Verschil tussen Blast en Fasta

Anonim

Blast vs Fasta

Blast en Fasta zijn twee software die worden gebruikt om biologische sequenties van DNA, amino zuren, eiwitten en nucleotiden van verschillende soorten en zoek naar de overeenkomsten. Deze algoritmen werden geschreven om de snelheid in gedachten te houden, omdat de databank van de sequenties zwiep toen eenmaal DNA door de wetenschappers in het midden van de jaren 80 was geïsoleerde, er een behoefte aan werd gecreëerd om identieke genen te vergelijken en te vinden voor verder onderzoek met hoge snelheid. Blast is een acroniem voor Basic Local Alignment Search Tool en gebruikt gelokaliseerde aanpak bij het vergelijken van de twee sequenties. Fasta is een software genaamd Fast A waar A staat voor All, omdat het werkt met het alfabet zoals Fast A voor DNA sequencing en Fast P voor eiwit. Zowel Blast als Fasta zijn erg snel bij het vergelijken van een genoom database en zijn daarom zowel monetair als tijdbesparend.

Blast

Een van de meest gebruikte bioinformatica software Blast is ontwikkeld in 1990 en sindsdien is iedereen beschikbaar op NCBI site. Deze software is toegankelijk voor iedereen en kan worden aangepast aan de behoeften van de gebruiker. Blast is de software waarin de ingevoerde gegevens van een te vergelijken reeks in Fasta-indeling zijn en de uitvoergegevens kunnen worden verkregen in gewone tekst, HTML of XML. Blast werkt op het principe van het zoeken naar gelokaliseerde overeenkomsten tussen de twee sequenties en na korte notering van de vergelijkbare sequenties die het zoeken naar buurt-overeenkomsten. De software zoekt naar een groot aantal soortgelijke lokale regio's en geeft het resultaat nadat een drempelwaarde is bereikt. Dit proces verschilt van eerdere software waarin de volledige sequentie werd gezocht en vergeleken, die veel tijd kostte. Blast wordt gebruikt voor vele doeleinden, zoals DNA mapping, vergelijking van twee identieke genen in verschillende soorten, het creëren van fylogenetische boom.

Fasta

Fasta programma werd in 1985 geschreven om alleen eiwitsequenties te vergelijken, maar werd later aangepast om ook DNA op te zoeken. Fasta software maakt gebruik van het principe om de gelijkenis tussen de twee sequenties statistisch te vinden. Deze software komt overeen met een sequentie van DNA of eiwit met de andere door middel van lokale sequentie-uitlijnmethode. Het zoekt naar lokale regio voor gelijkenis en niet de beste match tussen twee sequenties. Aangezien deze software soms gelokaliseerde overeenkomsten vergelijkt, kan er een mismatch ontstaan. In een reeks neemt Fasta een klein deel bekend als k-tuples waar de tuple van 1 tot 6 kan zijn en overeenkomt met k-tuples van andere volgorde en zodra een drempelwaarde van matching is bereikt, komt het resultaat op.
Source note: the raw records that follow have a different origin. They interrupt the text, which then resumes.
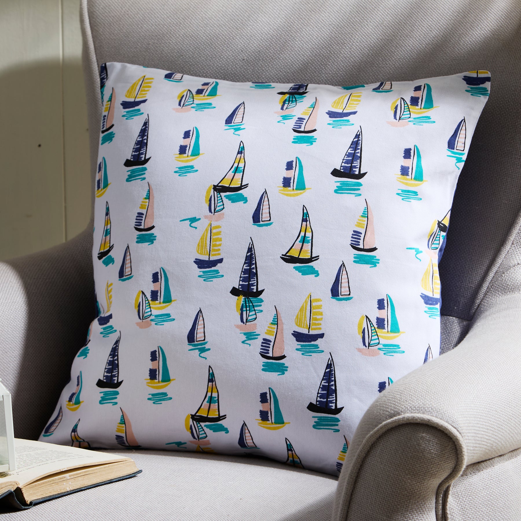 Sailing Boats Cushion – Nautical White Pillow with Colourful Yachts
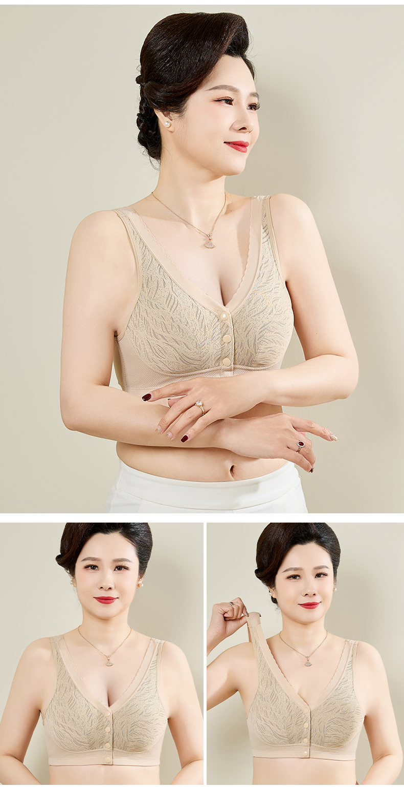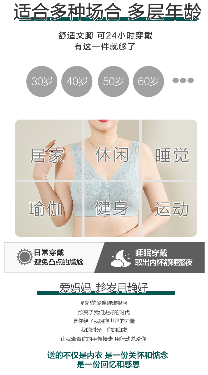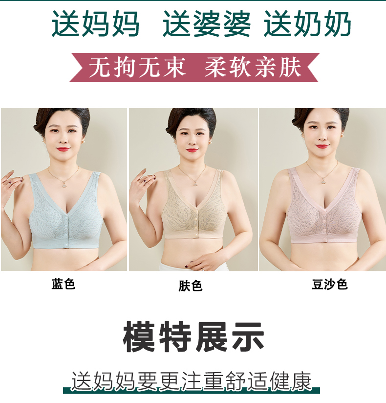 貓人內衣女純棉美背心式無鋼圈聚攏中老年人婦女收副乳前釦文胸罩
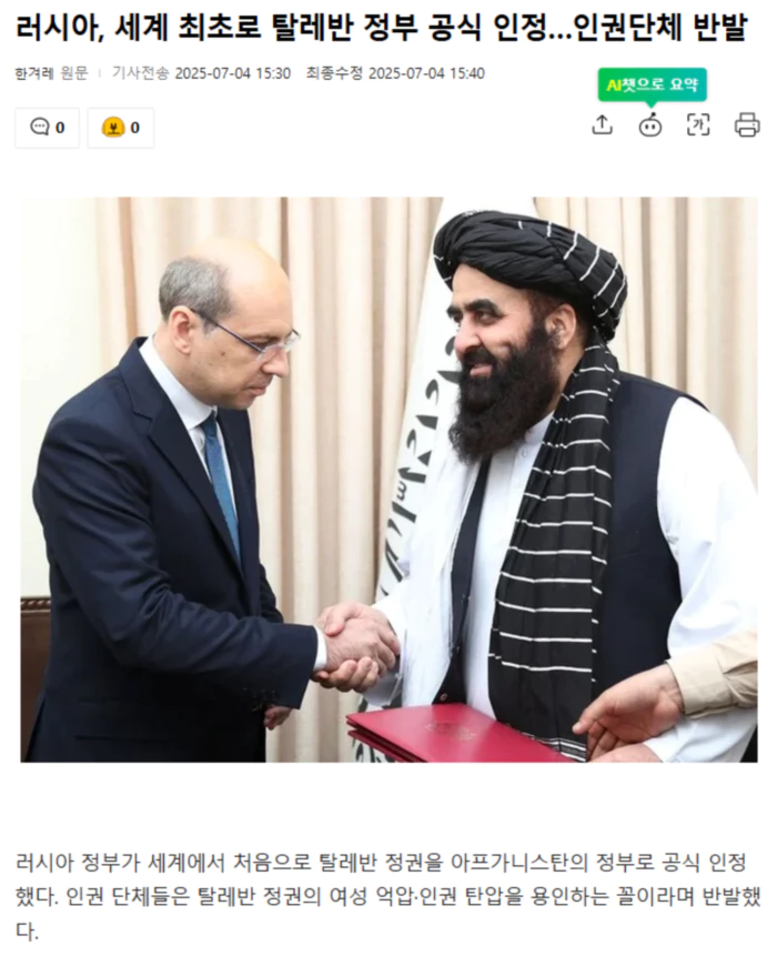 3일(현지시각) 아에프페(AFP)통신과 뉴욕타임스 등에 따르면, 아프가니스탄 외교부는 이날 엑스(X·옛 트위터) 방송에서 드미트리 지르노프 주아프가니스탄 러시아 대사가 카불에서 탈레반 외교부 장관 아미르 칸 무타키와 회동하고 “아프가니스탄 이슬람 에미레이트(탈레반 정권)를 인정한다는 러시아 정부 결정을 공식 전달했다”고 밝혔다. 러시아 외교부 역시 성명을 통해 아프가니스탄 정부에 대한 공식 인정이 무역·에너지 등 “다양한 분야에서 양국 간 생산적인 협력을 촉진할 것”이라고 했다. 2021년 탈레반이 정권을 재장악한 뒤 탈레반 정권을 정부로 인정한 건 러시아가 처음이다. 러시아 대법원은 앞서 지난 4월 탈레반의 러시아 내 활동 금지 조처도 해제한 바 있다. 러시아 외에 중국·아랍에미리트(UAE) 등이 탈레반 정권과 외교적 관계를 맺고 있지만, 이 정권을 공식 인정하지는 않았다. 지아 아흐마드 타칼 아프가니스탄 외교부 대변인은 아에프페에 “러시아는 아프가니스탄 이슬람 에미레이트를 공식적으로 승인한 첫 국가”라고 전했다. 무타키 장관 역시 “러시아의 용감한 결정은 다른 국가들에 본보기가 될 것”이라며 “러시아가 누구보다 앞섰다”고 말했다. 반면 대다수 나라는 탈레반 정부의 인권 탄압·여성 억압 등으로 이 정권을 인정하지 않고 있다. 탈레반은 1996년 처음 정권을 장악한 뒤 여성의 교육과 외출을 극단적으로 제한하는 정책으로 악명이 높았다. 1차 탈레반 정권은 2001년 미국의 아프가니스탄 침공으로 무너졌다. 그러나 탈레반은 소멸하지 않았고 미군 철수 뒤인 2021년 8월 카불에 입성해 정권을 재장악했다. 정권을 재장악한 탈레반은 남녀 분리 수업을 조건으로 여성 대학 교육도 허용한다고 밝혔다. 그러나 여학생은 초등학교를 제외한 중고등 교육을 금지하는 억압적 정책을 펼치고 있다. 여성은 공원·목욕탕·헬스장에도 출입할 수 있다. .. 후략 ..
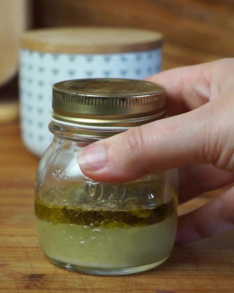 Commence la préparation du poulet à la grecque en préparant la marinade : mets tous les ingrédients prévus dans un bocal, ferme bien et agite vigoureusement pendant quelques secondes ; la partie huileuse et la partie aqueuse se mélangeront parfaitement.
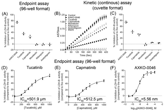 Screening of candidate inhibitors of LDH-B. (A) Effect of the five best candidates from virtual screening and positive control (AXKO-0046) on LDH-B activity. The inhibitory effect of the compounds was assessed in a 96-well format end-point colorimetric assay, as described in the text. (B,C)The effect of the five potential inhibitors and AXKO-0046 on LDH-B activity was also subsequently evaluated using a kinetic (continuous) colorimetric assay in a cuvette format, as described in the text. The changes in the absorbance at 570 nm (due to the formation of the formazan derivative) were monitored in the absence and presence of the inhibitors for 420 s (B). The continuous assay also confirmed that tucatinib and capmatinib inhibit LDH-B activity (C). Dose-dependent inhibitory effect of tucatinib (D), capmatinib (E), and AXKO-0046 (F) on LDH-B activity. In all (A,C–F), the % inhibitory effect of the candidate inhibitors was assessed by comparing LDH-B activity in the presence of each compound with that of a control (without any of the inhibitors). The results are presented as mean values ± S.D (n = 3).
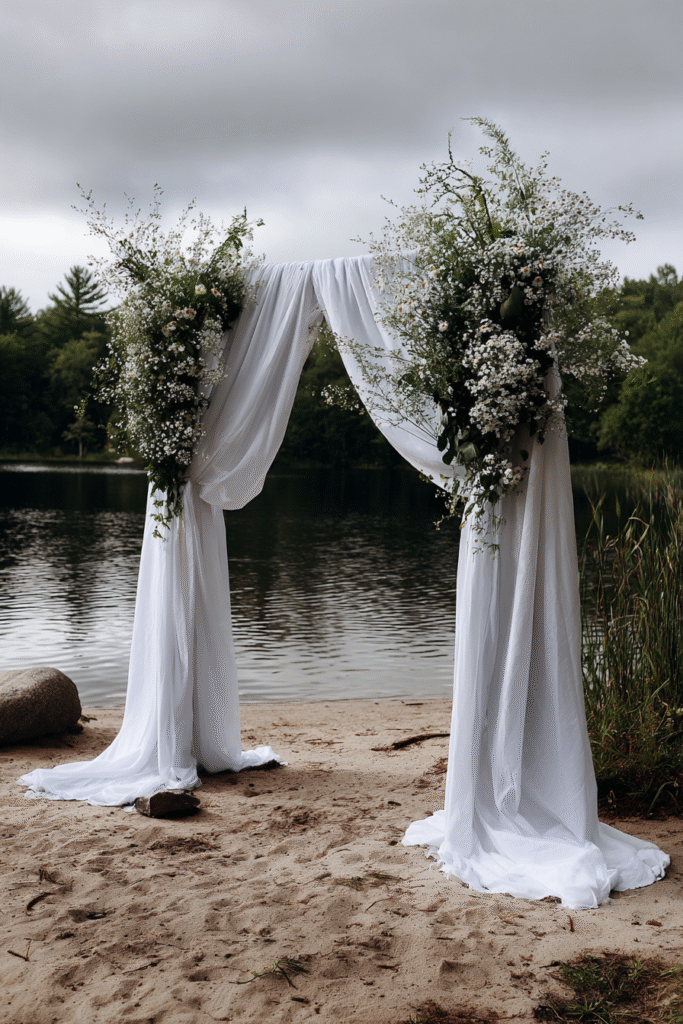 This arch is set right on a sandy lakeshore with soft white fabric draped loosely from a simple wooden frame. Airy baby’s breath and wild greenery climb up both sides and spill gently over the top, creating an organic and slightly untamed look. The white florals pop beautifully against the calm water and tree lined background, while the fabric pools softly at the base for a relaxed and romantic finish.
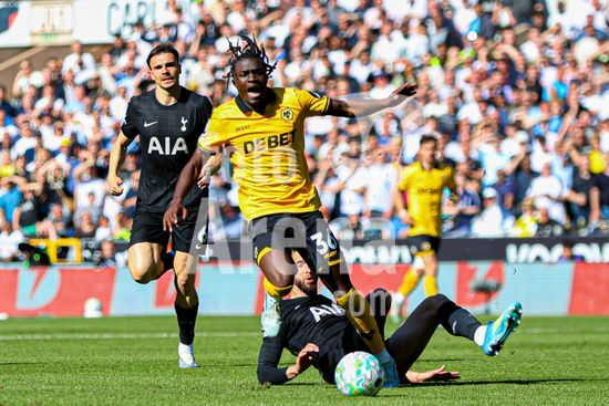 2931477 WOLVERHAMPTON, INGLATERRA - 25 de abril: Rodrigo Bentancur, do Tottenham, disputa a bola com Mateus Mane, do Wolves, durante a partida da Premier League entre Wolverhampton Wanderers e Tottenham Hotspur, no estadio Molineux, em 25 de abril de 2026, em Wolverhampton, Inglaterra. (Natalie Mincher/SPP)
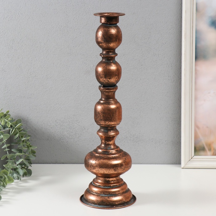 Металлический подсвечник на 1 свечу «Эрмете», состаренная бронза, 13.5×13.5×43.5 см
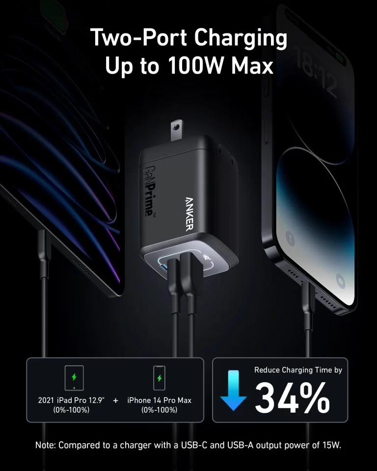 Power Trio on the Move: Simultaneously Fast Charging for 3 Devices with dual USB-C ports and a USB-A port, keeping all your gadgets at full strength on busy days. The Anker prime charger is perfect for multi-device users.
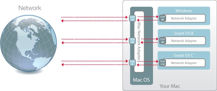 通常情况下,设置为在共享网络模式下运行的虚拟机无法从外部电脑进行访问。端口转发功能允许本地网络和互联网上的电脑将数据传输到使用共享网络模式的任何虚拟机。发送到 Mac 指定端口的数据会根据端口转发规则重定向到虚拟机的指定端口。
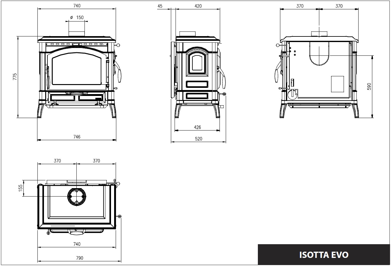 Isotta Evo on huippulaadukas iso kamiina. Erikoisuutena sivuluukku, josta myös puita voidaan lisätä. 7,7 kW huipputeho tuottaa nopeasti ja erittäin tehokkaasti lämpöä. Huippuunsa hiottu jälkipoltto huolehtii että puusta ei ”jää jälkeäkään” erittäin tehokkaalla yli 80 % hyötysuhteellaan. Puu palaa myös kauan hyvien ilmansäätöjensa ansiosta. Hormilähtö voidaan muuttaa päältä sekä takaa ylöspäin tai takaa taakse.
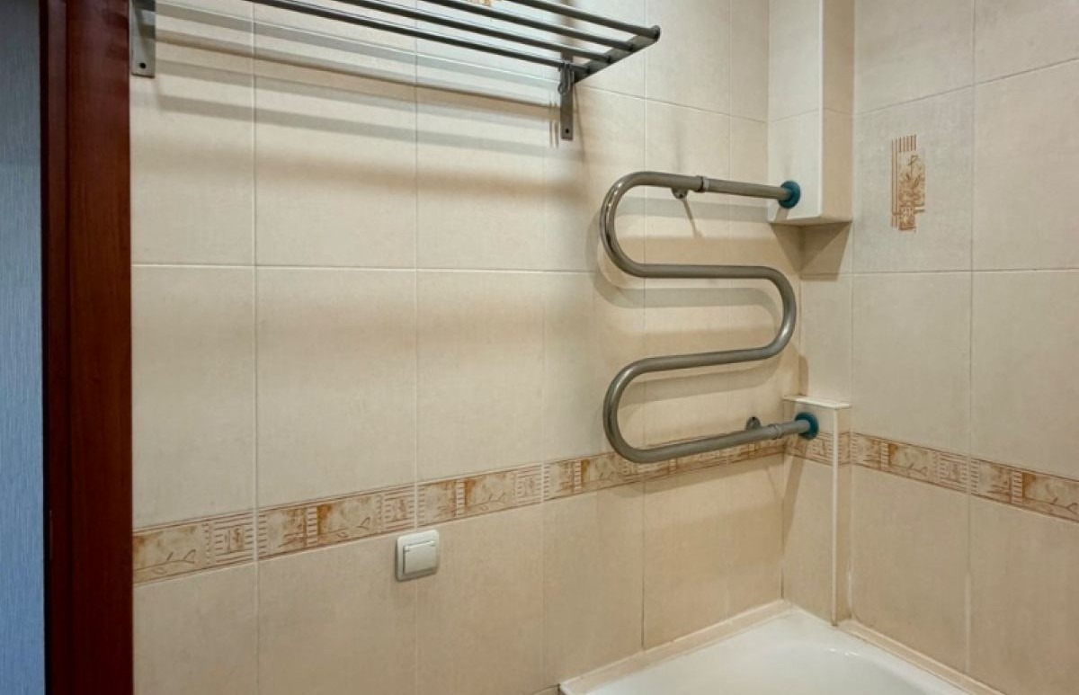 Ванная выполнена в светлом современном кафеле.

Het is een programma dat gebruikt wordt om prospects van bijpassende volgorde van een groot aantal te verkorten voor volledige vergelijking, aangezien het zeer snel is.

In het kort:

Blast vs Fasta

• Blast is veel sneller dan Fasta.

• Blast is veel nauwkeuriger dan Fasta.

• Voor nauw gecorrigeerde sequenties Blast is zeer accuraat en voor ongelijke volgorde Fasta is betere software.

• Blast kan volgens de behoefte aangepast worden, maar Fasta kan niet worden aangepast.

• Blast moet Fasta invoerformaat gebruiken om de uitgangsgegevens te krijgen.

• Blast is veel meer veelzijdig en veel gebruikt dan Fasta.